┌──
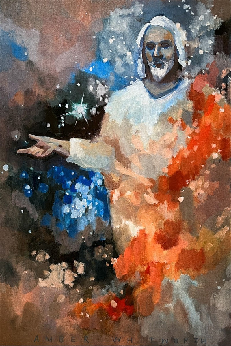 She loves to paint human relationships; specifically those between parents and children, and husbands and wives. Her infatuations include old family photographs, elderly wrinkles, wild & uncontrolled children, and the candid moments of motherhood. Her work is currently blooming into a narrative style, echoing scriptural texts and Christian doctrines. Amber is obsessed with color theory. She has dedicated herself to many years of self-education and painting practice.
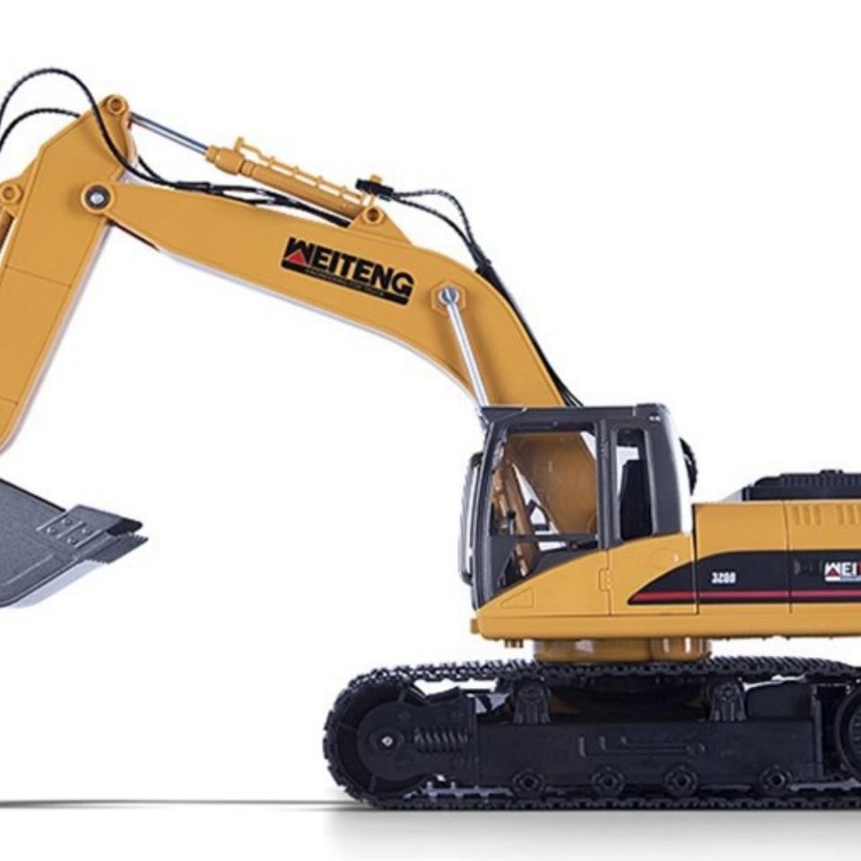 รถขุดวิศวกรรมบังคับวิทยุ รุ่น 6526A 6519A 1/20 วัสดุอัลลอยด์ สามารถพ่นละอองน้ำได้ หัวขุดหมุนได้ 690 องศา จำลองการปล่อยควัน WEITENG
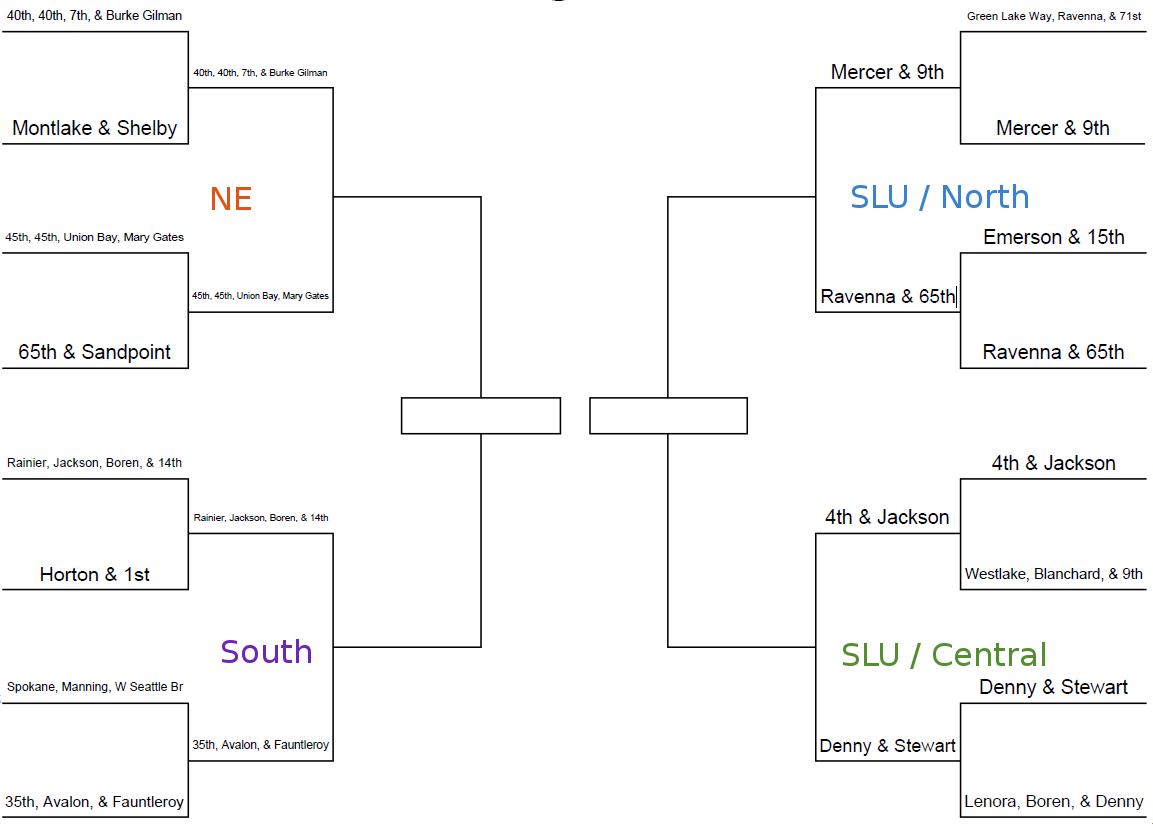 The intersections that advanced out of South / West Seattle also included multiple streets. Rainier, Jackson, Boren, and 14th advanced in a resounding win along with the multi-intersection triangle of 35th, Avalon, and Fauntleroy.
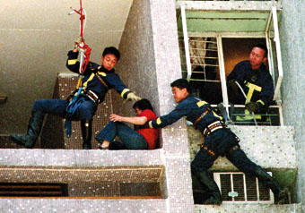【本報訊】上月二十八日在大埔用刀斬傷前度男友的一名婦人,昨晨往運頭塘h疑向對方道歉及央求撤銷起訴時,雙方再起爭吵,期間婦人攀出十七樓大廈外狹窄簷篷企圖跳樓輕生,警方談判專家及消防員經七小時游說,最後乘其疲倦,合兩名消防員之力,將婦人救回。
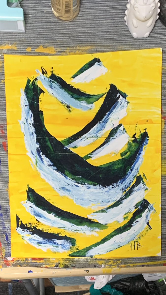 おはようございます 昨日描いた絵がようやく乾燥しました! タイトル「無題」 画材 アクリル絵の具 #アクリル絵の具 #無題
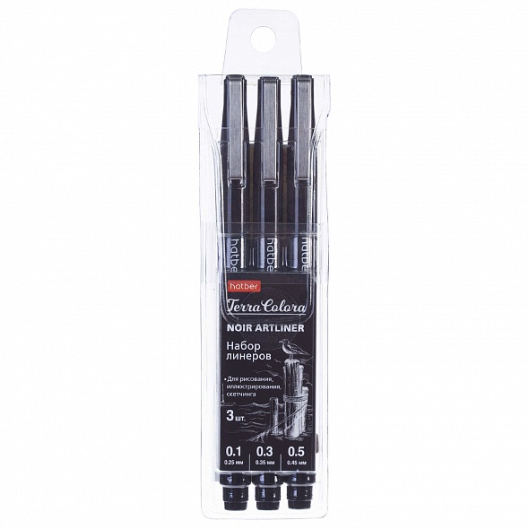 Наборы линеров Terra Colora Noir (Нуар) подходят для школьников, студентов и взрослых пользователей. Долговечные и надежные наконечники от японского производителя гарантируют гладкое, без пропусков письмо и стабильную ширину линий. Яркие пигментные чернила не выцветают, устойчивы к воде и спиртовым маркерам, не растекаются, не размазываются и не просачиваются сквозь большинство типов бумаг. В набор входят 3 черных линера с самыми популярными пишущими узлами - 0.10.30.5 мм- для рисунков, иллюстраций, скетчей, комиксов, чертежей и акварелей, а также подходят для создания архивных и лабораторных записей и маркировок. Упаковка: в прозрачном ПВХ-боксе.
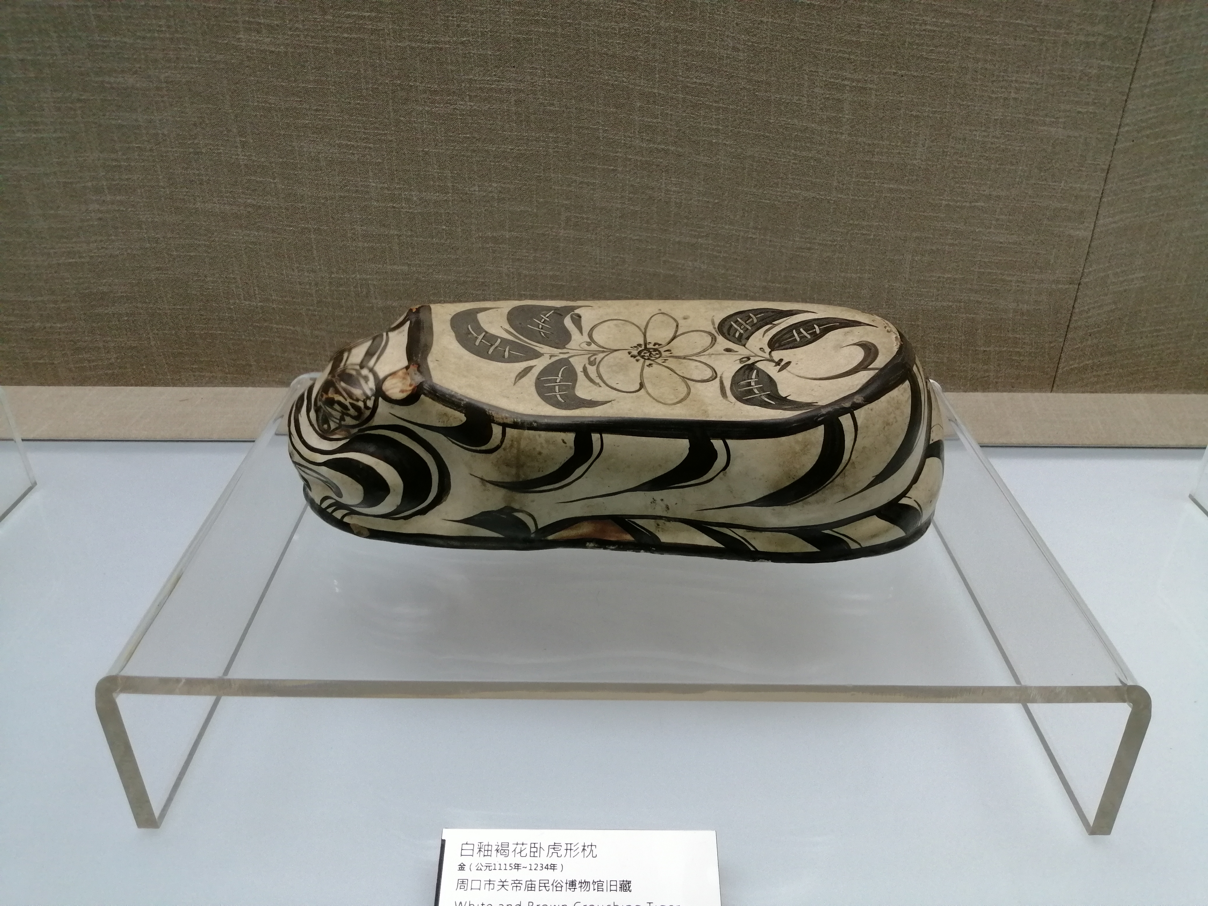 據(jù)市博物館工作人員介紹,這件館藏金代磁州窯白釉褐花臥虎枕是1978年7月商水縣練集鄉(xiāng)農(nóng)民在翻土?xí)r發(fā)現(xiàn)的。長34厘米,寬14厘米,高10厘米。枕體呈臥虎狀,枕面為腰圓形,前高后低,大平底。整器以虎身為枕身,以黑彩繪出虎頭形象和虎身條狀斑紋,虎鼻為兩氣孔。以虎背作枕面,其上以黑彩繪折枝花卉,枝葉上飾“豐”字紋葉脈,花朵勾勒流暢,花蕊清晰可見。此枕將虎的溫馴的狀態(tài)及折枝花卉和諧地組合在一起,形象生動活潑,情趣盎然,體現(xiàn)了工匠豐富的想象力。據(jù)說枕以虎等猛獸為造型,可鎮(zhèn)妖避邪、早得貴子。
└──
* Work to complete *
Transcribe, word for word, only the material from its opening line through the line containing "รถขุดวิศวกรรมบังคับวิทยุ รุ่น 6526A", both ends included, and omit the pictures.

* Output of the exercise *
 She loves to paint human relationships; specifically those between parents and children, and husbands and wives. Her infatuations include old family photographs, elderly wrinkles, wild & uncontrolled children, and the candid moments of motherhood. Her work is currently blooming into a narrative style, echoing scriptural texts and Christian doctrines. Amber is obsessed with color theory. She has dedicated herself to many years of self-education and painting practice.
 รถขุดวิศวกรรมบังคับวิทยุ รุ่น 6526A 6519A 1/20 วัสดุอัลลอยด์ สามารถพ่นละอองน้ำได้ หัวขุดหมุนได้ 690 องศา จำลองการปล่อยควัน WEITENG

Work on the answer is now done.